Читать книгу: «Мгновения. Рассказы (сборник)»
Издано при финансовой поддержке Федерального агентства по печати и массовым коммуникациям в рамках Федеральной целевой программы «Культура России (2012–2018 годы)»
© Ю. В. Бондарев, 2014
© Издательство ИТРК, 2014
Мгновения
Жизнь есть мгновение,
Мгновение есть жизнь.
Молитва
… И если на то будет Воля Твоя, то оставь меня на некоторое время в этой моей скромной и, конечно, грешной жизни, потому что в родной моей России я узнал много печали ее, но еще не узнал до конца земную красоту, таинственность ее, чудо ее и прелесть.
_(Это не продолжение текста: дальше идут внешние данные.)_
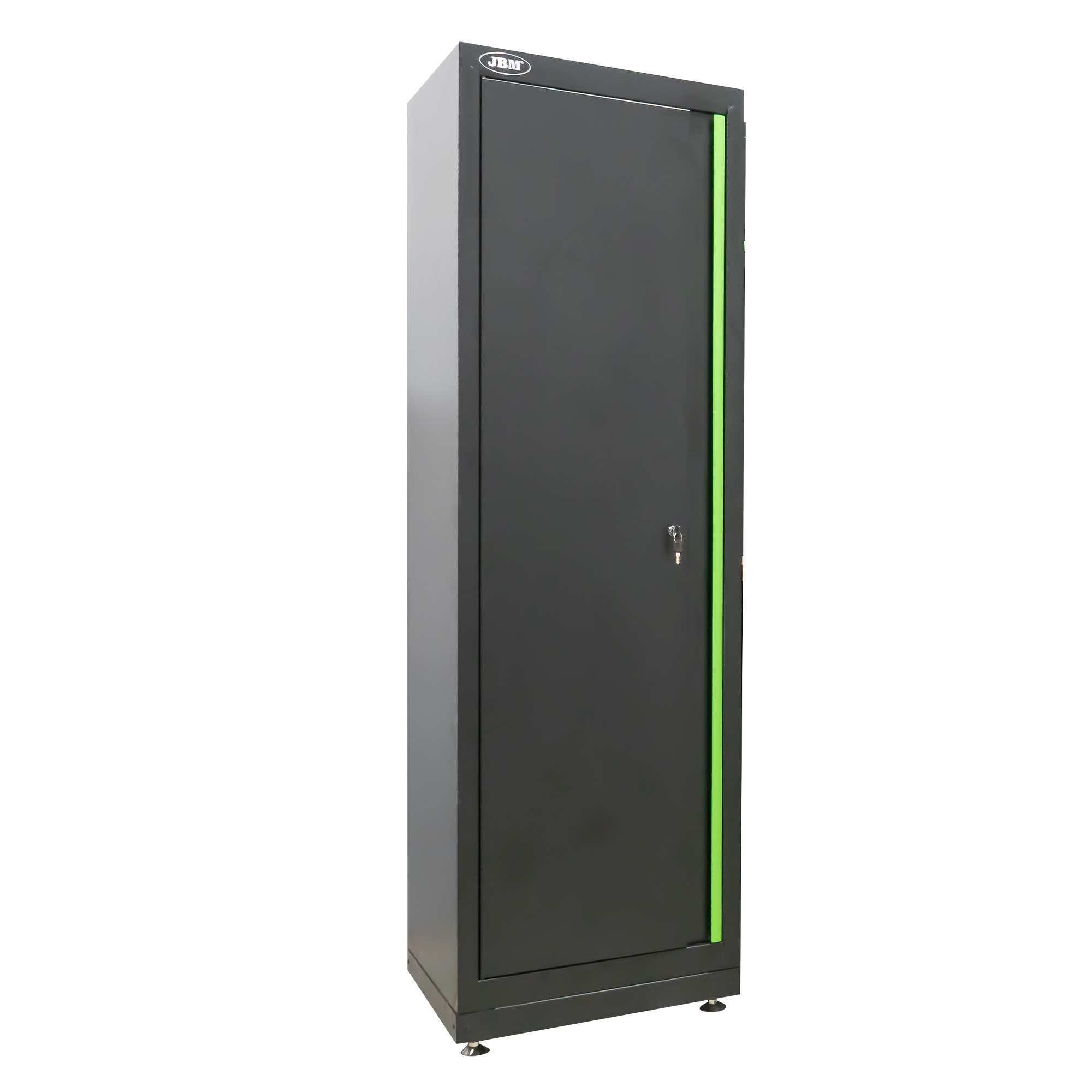 Armario alto diseñado con patas de altura ajustable, bombín y bandejas interiores. Su estructura versátil permite utilizarlo como estantería o espacio de almacenamiento vertical para herramientas, útiles y accesorios que requieran mayor capacidad.

Но дано ли будет это познание несовершенному разуму?
Неистовство
Море гремело пушечными раскатами, било в мол, взрывалось снарядами по одной линии. Обдавая соленой пылью, фонтаны взлетали выше здания морского вокзала. Вода опадала и снова катилась, обрушиваясь на мол, и фосфорно вспыхивала извивающейся шипящей горой исполинская волна. Сотрясая берег, она ревела, взлетала к лохматому небу, и было видно, как в бухте мотало на якорях трехмачтовый парусник «Альфа», раскачивало, бросало из стороны в сторону, накрытые брезентом, без огней, катера у причалов. Две шлюпки с проломанными бортами выкинуло на песок. Кассы морского вокзала наглухо закрыты, везде пустынность, ни единого человека на ненастном ночном пляже, и я, продрогнув на сатанинском ветру, кутаясь в плащ, шел в хлюпающих ботинках, шел один, наслаждаясь штормом, грохотом, залпами гигантских разрывов, звоном стекол разбитых фонарей, солью брызг на губах, в то же время чувствуя, что происходит какое-то апокалипсическое таинство гнева природы, с неверием помня, что еще вчера была лунная ночь, море спало, не дышало, было плоско как стекло.
Не напоминает ли все это человеческое общество, которое в непредугаданном общем взрыве может дойти до крайнего неистовства?
На рассвете после боя
Всю жизнь память задавала мне загадки, выхватывая, приближая часы и минуты из военного времени, будто готово быть со мной неразлучно. Сегодня вдруг явилось раннее летнее утро, расплывчатые силуэты подбитых танков и около орудия два лица, заспанных, в пороховой гари, одно пожилое, хмурое, другое совсем мальчишеское, – увидел эти лица до того выпукло, что почудилось: не вчера ли мы расстались? И дошли до меня их голоса, как если бы они звучали в траншее, в нескольких шагах:
– Утянули, а? Вот фрицы, тудыть иху муху! Восемнадцать танков наша батарея подбила, а восемь осталось. Вон, считай… Десять, сталыть, утянули ночью. Тягач всю ночь в нейтралке гудел.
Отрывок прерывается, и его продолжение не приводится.